様々な業界で偉大な業績を残した人たちは長寿を保っていることが多い一方で、夭折したのに大きな業績を残したり、若くして成功する人たちもまたいます。


こういう人たちは一代で成功したというよりも先祖代々の蓄積があったというケースが多いのではないかと思います。





邱永漢先生が経営者の小林一三について大絶賛した書籍です。


私の場合、この本によって小林一三という人物を初めて知り、少し値が張ったのですが、小林一三全集を買ってみました。


小林一三全集〈第7巻〉 (1962年)
小林 一三
ダイヤモンド社
1962




その第七巻に以下のような話が載っていました。


「スイスの時計は世界で非常に有名なんですよ。

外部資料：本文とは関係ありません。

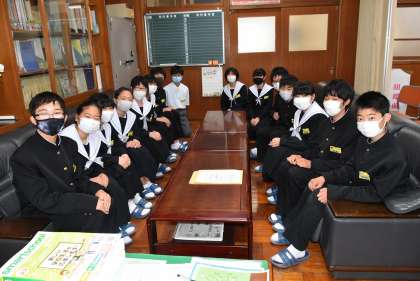 2枚目の写真は、この活動を始めてくれた生徒たちに校長室で感謝の意を伝えた時の様子です。

ところがスイスの時計のいい職人というものは、やはり親が二代も三代も古いほどいい職人が生まれて、初めてではどんな器用なものでも第一流の職人にはなれないという話を聞いたのですが……」(p.455)


という話を歌舞伎役者との対談でしていて、やはり役者というものも家々で育てていくものなのでしょうという結論になるのですが、これは業界問わずある程度共通したものなのではないかと思います。


世襲というと今日ではマイナスなイメージで語られることが多いですが、現実には世襲によって先祖代々の経験や知識が損なわれることなく継承発展していく。


平成の今の世でも、どの業界を見ても世襲だらけなのは、それが経済的合理性にかなっているからではないでしょうか。